-8.27% for MYX as further selling is capped by oversold signals
MYX (MYX) is trading at $0.2264, below the SMA-20 at $0.2516, the SMA-50 at $0.3545, and the SMA-200 at $3.3511, signaling persistent downside pressure in short-, medium-, and long-term trends. The Ichimoku Kijun level is $0.3033, which stands above the current price and now acts as immediate resistance.
Highlights
- MYX price remains suppressed below key moving averages, confirming persistent downside momentum across all timeframes.
- Technical indicators show strong bearish momentum, with MACD in sell mode and oscillators nearing oversold conditions.
- Expect MYX to fluctuate between $0.2050 and $0.2500 over the next week, with further downside likely if $0.2240 fails.

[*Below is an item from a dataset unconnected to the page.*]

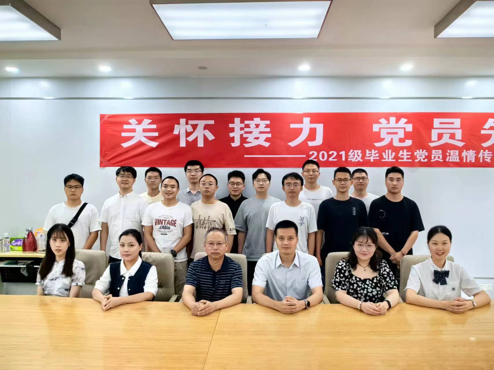 为进一步加强毕业生党员的党性修养、党员意识和社会责任感, 2024年6月21日下午14:00,365英国上市集团基础教学楼A-110b会议室组织开展了21级研究生毕业党员最后一堂党课。出席人员有公司党委副书记廖勇明书记和张帆老师,以及21级毕业生党员代表。

Bearish momentum signals as volatility and divergences rise
Momentum remains decisively bearish, with the MACD on D1 and W1 in strong sell mode and the ADX on D1 indicating a prevailing downtrend, though W1 ADX suggests reliable medium-term trend strength. RSI D1 is near oversold at 33.1, and CCI D1 is neutral but leaning toward oversold, while Stoch RSI appears overbought — a divergence that suggests hesitant bearish exhaustion. BBP currently indicates buyer presence on D1, yet most intraday timeframes reflect bear dominance; the AO is neutral and does not reinforce the downtrend. The price dropped 8.27% after opening with a slight gap down (from $0.2468 to $0.2412), now sitting near today’s low of $0.2241, marking high volatility and clear post-open selling pressure. Momentum signals mostly confirm today’s selloff, but oscillator divergences could add short-term uncertainty.

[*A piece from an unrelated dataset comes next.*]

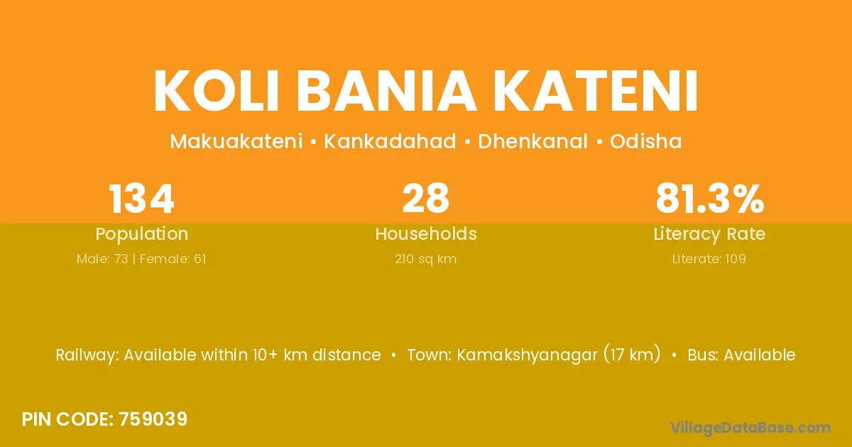 Kamakshyanagar (17 km) is the nearest town to Koli Bania Kateni village for major economic activities and is located approximately 17 km away.

Further declines likely as oversold risk tempers selloff
For the upcoming five trading days, and normalizing the outlook based on the current price, MYX is expected to fluctuate within $0.2050 to $0.2500. Given the mix of technical forecasts — RSI and MACD both bearish and only ADX W1 positive for upward moves — the probability of price increase is very low (less than 20%), making further declines more likely. The baseline scenario is sideways action as oversold conditions may dampen aggressive selling. In a bullish scenario, a decisive move above the Ichimoku resistance at $0.3033 could open a return toward the upper weekly band. Conversely, failure to hold $0.2240 could invite further losses, with the bearish case seeing tests of the $0.2050 support area.
Earlier, analysts noted that MYX was entrenched in a persistent bearish trend with sellers firmly in control. The current analysis not only reaffirms this negative outlook but emphasizes that further weakness could develop if the $0.2240 level fails, making a test of the $0.2050 support a key downside risk to watch in the days ahead.